■ Records for this task:
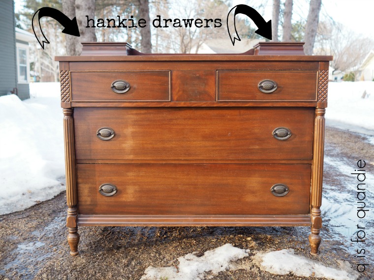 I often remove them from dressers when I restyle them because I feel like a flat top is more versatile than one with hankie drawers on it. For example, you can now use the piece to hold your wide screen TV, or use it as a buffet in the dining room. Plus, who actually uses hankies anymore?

==

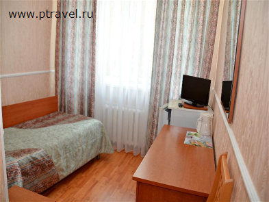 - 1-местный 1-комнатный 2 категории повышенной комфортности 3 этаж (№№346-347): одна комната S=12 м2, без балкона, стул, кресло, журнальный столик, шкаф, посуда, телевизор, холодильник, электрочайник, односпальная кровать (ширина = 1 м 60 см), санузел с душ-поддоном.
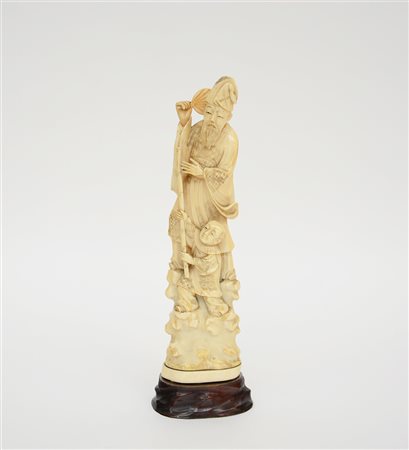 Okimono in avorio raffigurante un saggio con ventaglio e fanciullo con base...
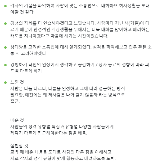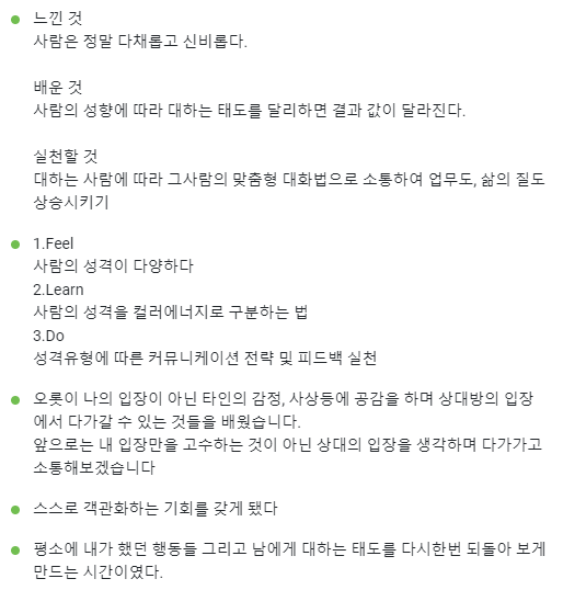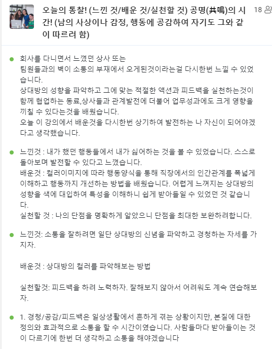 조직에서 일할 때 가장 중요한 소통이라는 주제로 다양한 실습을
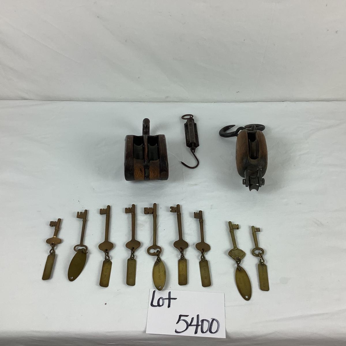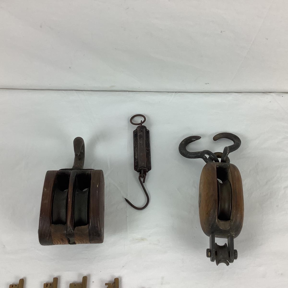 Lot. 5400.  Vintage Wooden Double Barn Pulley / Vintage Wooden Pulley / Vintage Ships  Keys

■ Goal of the exercise: Exercise for the records above: copy only the lines from the one with "- 1-местный 1-комнатный" to the one with "Vintage Wooden Double", both ends kept, and drop the pictures.

■ Reply:
 - 1-местный 1-комнатный 2 категории повышенной комфортности 3 этаж (№№346-347): одна комната S=12 м2, без балкона, стул, кресло, журнальный столик, шкаф, посуда, телевизор, холодильник, электрочайник, односпальная кровать (ширина = 1 м 60 см), санузел с душ-поддоном.
 Okimono in avorio raffigurante un saggio con ventaglio e fanciullo con base...
 조직에서 일할 때 가장 중요한 소통이라는 주제로 다양한 실습을
 Lot. 5400.  Vintage Wooden Double Barn Pulley / Vintage Wooden Pulley / Vintage Ships  Keys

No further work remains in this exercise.